On Day 13, the FSG was significantly reduced in participants receiving dapagliflozin with or without metformin as compared to their FSG levels two days prior to first dose: -14.5 percent (p-value less than 0.05), -17.3 percent (p-value less than 0.05), -21.9 percent (p-value less than 0.001) for dapagliflozin at 5 mg, 25 mg and 100 mg, respectively. FSG was reduced by -6.3 percent in participants receiving placebo with or without metformin.
There were no discontinuations due to adverse events and no serious adverse events were reported. Adverse events included two events of hypoglycemia in subjects receiving dapagliflozin co-administered with metformin. There were two events of vulvovaginal infection in the study (one subject receiving dapagliflozin alone and one subject receiving dapagliflozin+metformin).

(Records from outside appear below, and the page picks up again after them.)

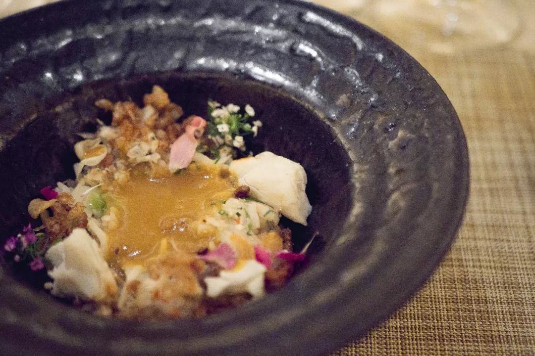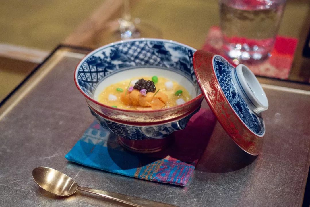前菜是来自北海道的甜玉米与马粪海胆共同调制的“季节之选”,“马粪海胆”与“猫屎咖啡”的起名原理不同,仅仅是因为外形长得像马粪而得名。而北海道的甜玉米则与海胆交融在一起,让这道菜同时拥有海胆的口感和玉米的甜味。
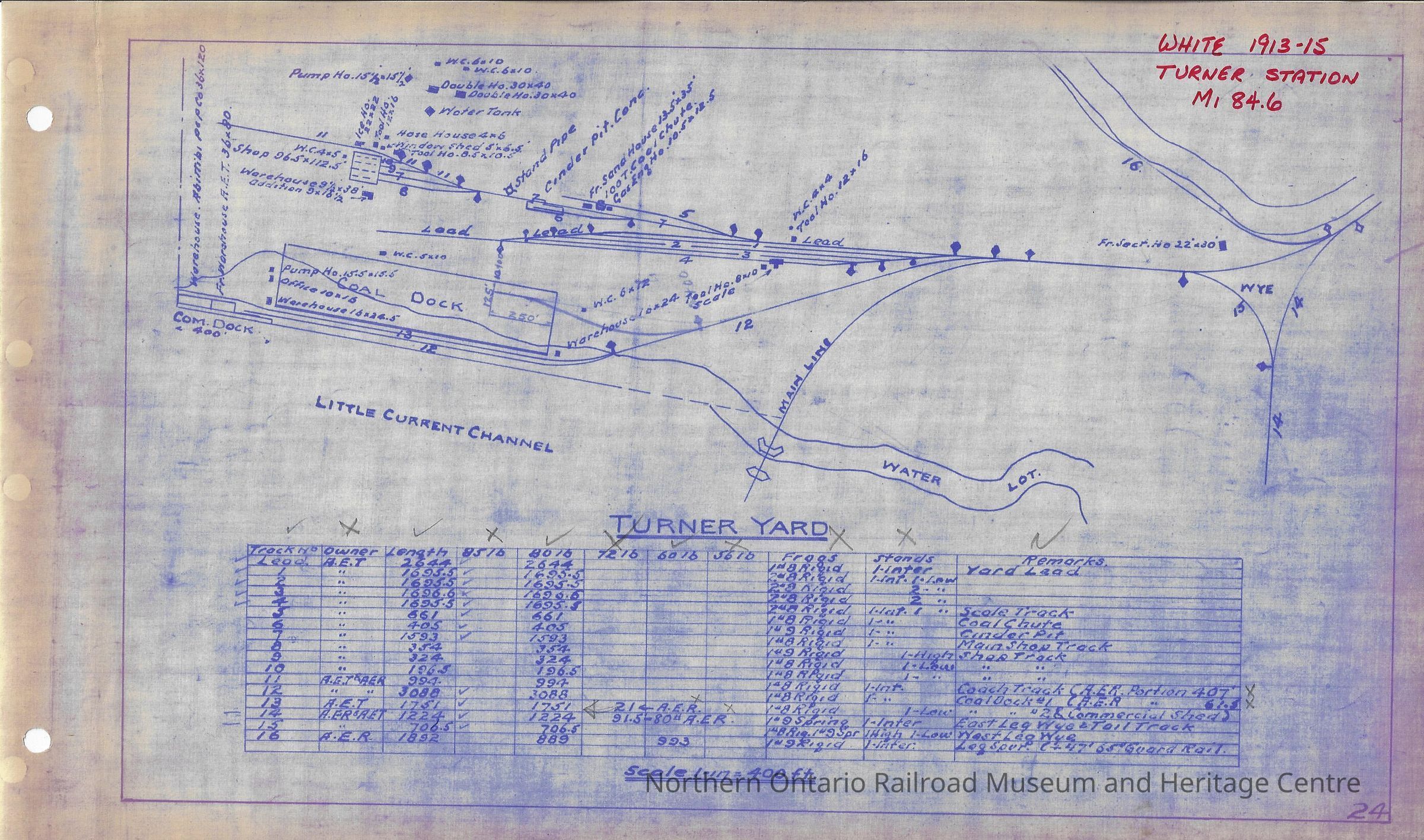 Rail yard plan for Algoma Eastern Railway's Turner yard. Contains a layout of the rail yard as well as: track numbers, owners, lengths, weights, frogs, and stands. Done by AER as part of the longterm lease that CPR began in 1930, taking over the small railway.
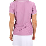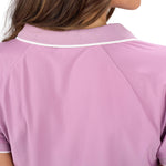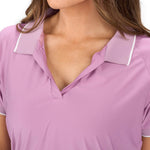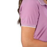 Introducing the Aria Polo, where sleek design meets ultimate comfort. This women’s polo features a solid cosmic pink accented with white piping on the collar and cuffs for a polished look. With a chic open V-neck and crafted from breathable performance mesh stretch, it’s super soft and perfect for any occasion.
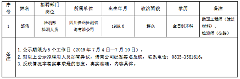 雅安交建集團子公司擬聘用人員公示(路橋公司)
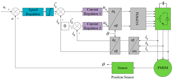 The block diagram of a PMSM speed-control system is shown in Figure 1, which uses a surface-mounted PMSM. The PMSM speed-regulation system adopts vector control, in which the speed regulator and current regulator adopt PI control to form a double closed-loop structure. The system works as follows: The position information collected by the position sensor is calculated to obtain the actual speed of the PMSM. The difference between the given speed nr and the actual speed n is used as the input of the speed PI regulator. The currents id and iq of the dq axis are obtained by coordinate transformation of the collected three-phase currents ia, ib, and ic. Set id* to zero and subtract id as the input to the current regulator 2. The output of the speed PI regulator is iq* and its difference from iq is added to the current regulator 1. The outputs ud and uq of the two current regulators are converted by coordinates as inputs to the SVPWM generator to generate six drive signals that control the inverter to provide drive voltage to the PMSM. For such a closed-loop control system, when the speed fluctuates, the control signal will also change so that the speed is stable near the given value.
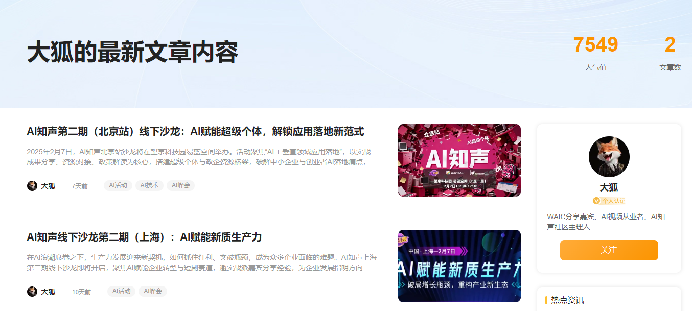 | 大狐 | AI知声第二期(北京站)线下沙龙:AI赋能超级个体,解锁应用落地新范式 | 1808 | 【合格】 | 200+500 |
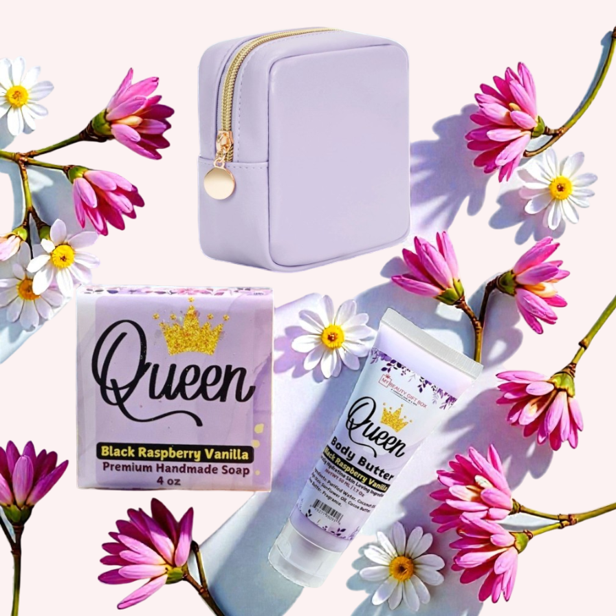 The Queen Leather Cosmetic Pouch 3 PCS Gift Set is ideal for any occasion, whether it’s a birthday, Christmas, a thank you gesture, or an anniversary. The Cosmetic pouch is accented with a stylish gold zipper, adding a touch of elegance to its design. This set includes our signature Black Raspberry Vanilla scented body butter and soap set.
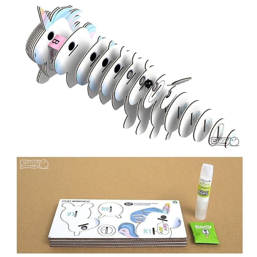 Zestaw zawiera ponumerowane elementy układanki, nietoksyczny klej oraz instrukcję do zbudowania jednorożca.
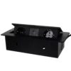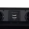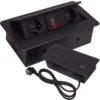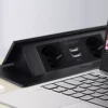 - 2 GNIAZDKA + 2 USB – listwa składa się z 2 gniazd sieciowych z uziemieniem typu schuko + 2 gniazda USB 2.1 w obudowie chowanej w blat. Obudowa wykonana jest z wysokiej jakości aluminium malowanego proszkowo. Dodatkowe porty USB umożliwiają np. ładowanie telefonu bezpośrednio z gniazda.
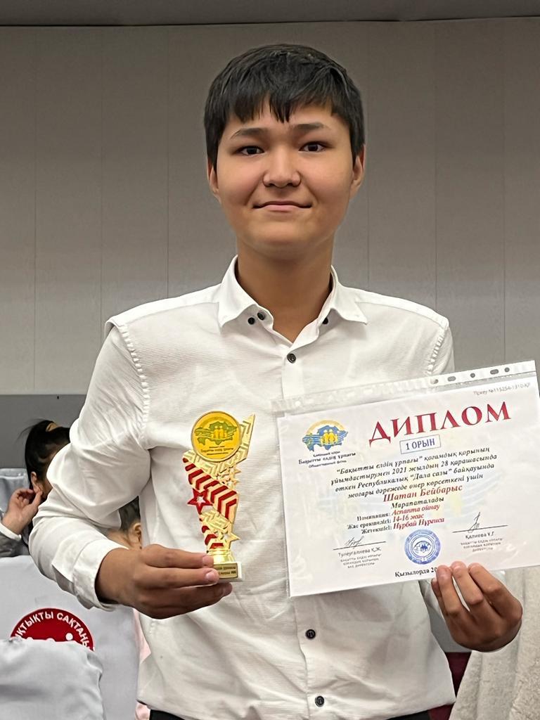 Мектеп-лицейіміздің 10 сынып оқушысы Шатан Бейбарыс «Бақытты елдің ұрпағы» қоғамдық қорының ұйымдастыруымен 2021 жылдың 28 қарашасында өткен Республикалық «Дала сазы» байқауында жоғары дәрежеде өнер көрсетіп, жүлделі І орын иеленді.
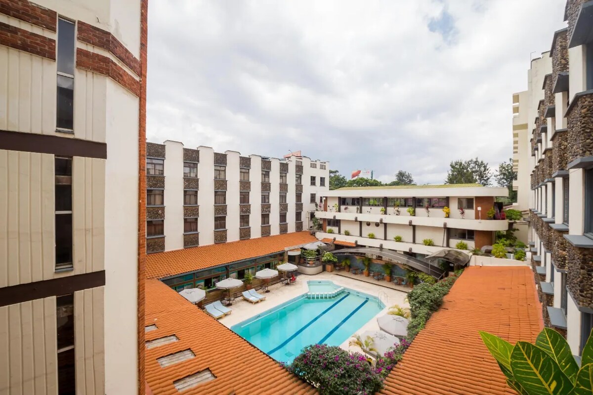 Rilassati in questo tranquillo ed elegante appartamento con una camera da letto completamente arredato e una piscina all'insegna della strada lantana di Nairobi Westlands e un ristorante in loco
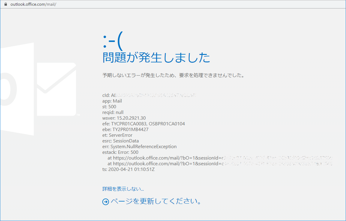 2020年4月21日 / 最終更新日時 : 2020年4月27日 matsumoto 一般通知 事務用メールシステムの障害について [2020.4.22 更新] 4/21 16時頃に問題が解消しましたことをお知らせいたします。 ——– 本日(4/21)の9時頃から、一部のユーザが下記のようなエラー画面になり、メールサーバにアクセスできない障害が発生しております。 Microsoftが原因を調査中ですが、Outlookアプリ、Outlook on the webのどちらからも同じエラーが発生するようです。 ご不便をおかけしてしまい大変申し訳ありませんが、解消までお待ちいただくようお願いいたします。
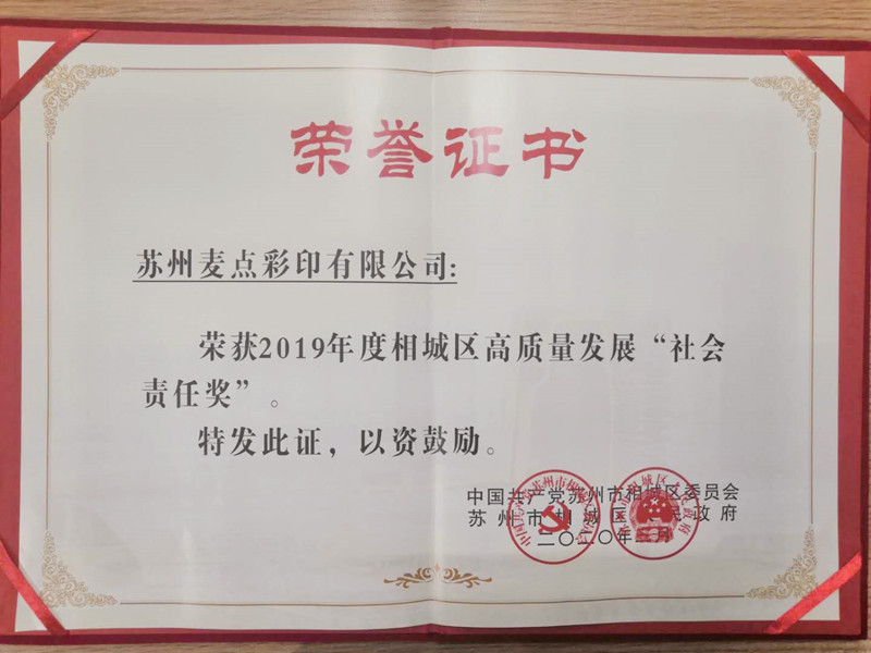 日前,相城區(qū)2019年度高質(zhì)量發(fā)展綜合考核表彰暨作風(fēng)建設(shè)大會(huì)召開(kāi),蘇州市麥點(diǎn)彩印有限公司憑借多年來(lái)在履行企業(yè)社會(huì)責(zé)任方面的突出貢獻(xiàn),榮獲相城區(qū)2019年度高質(zhì)量發(fā)展“社會(huì)責(zé)任獎(jiǎng)”。
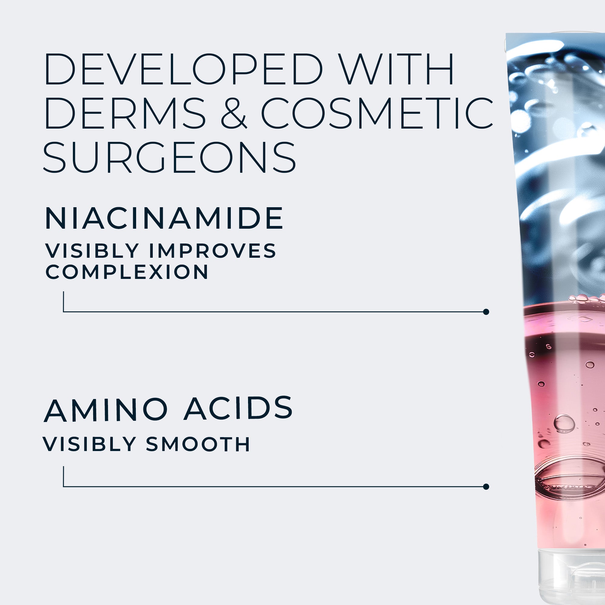 Developed with Derms & Cosmetic Surgeons this skin-transforming cleanser gently dissolves oil, dirt, and long-wear makeup. With continued use, Amino Acids & Niacinamide visibly optimize skin texture & healthy-looking complexion.
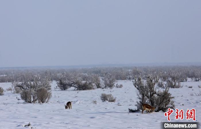 近日,護(hù)林員王偉踏著厚厚的積雪,與同事們行走在公益林腹地,為沙漠中的野生動物投放草料。
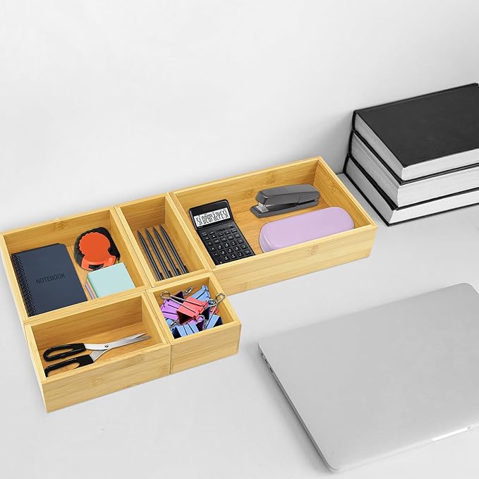 VaeFae 5 PCS Bamboo Drawer Organizers Set, 5-size Wooden Organizer Box, Storage Bins for Kitchen, Bathroom, Office, Bedroom and Living Room

Adverse events occurred with similar frequency in subjects receiving dapagliflozin or placebo. The most frequently reported adverse events were: constipation (n=7; 1/19 on dapagliflozin+metformin, 3/20 on dapagliflozin alone, 2/6 on placebo+metformin, 1/2 on placebo alone), nausea (n=5; 4/19 on dapagliflozin+metformin, 1/6 on placebo+metformin), and diarrhea (n=4; 3/19 on dapagliflozin+metformin, 1/6 on placebo+metformin).
Preclinical Data Also Presented at 2007 American Diabetes Association Annual Meeting
In a second presentation this week – “Dapagliflozin, A Selective SGLT2 Inhibitor, Improves Glucose Homeostasis in Normal and Diabetic Rats” by Jean Whaley, Sc.D., Director, Diabetes Drug Discovery, Bristol-Myers Squibb, the effect of dapagliflozin on glucose homeostasis in normal and diabetic rats was reported. In diabetic rats, dapagliflozin acutely induced renal glucose excretion at doses ranging from 0.01-1.0 mg/kg of body weight without inducing hypoglycemia. Additionally, as early as two hours after a single oral dose, there was a statistically significant reduction in plasma glucose levels in diabetic rats treated with dapagliflozin compared to untreated diabetic rats at doses of 0.1 mg/kg and 1.0 mg/kg (-101 mg/dL and -128 mg/dL), respectively (p-value less than 0.0001 at both doses).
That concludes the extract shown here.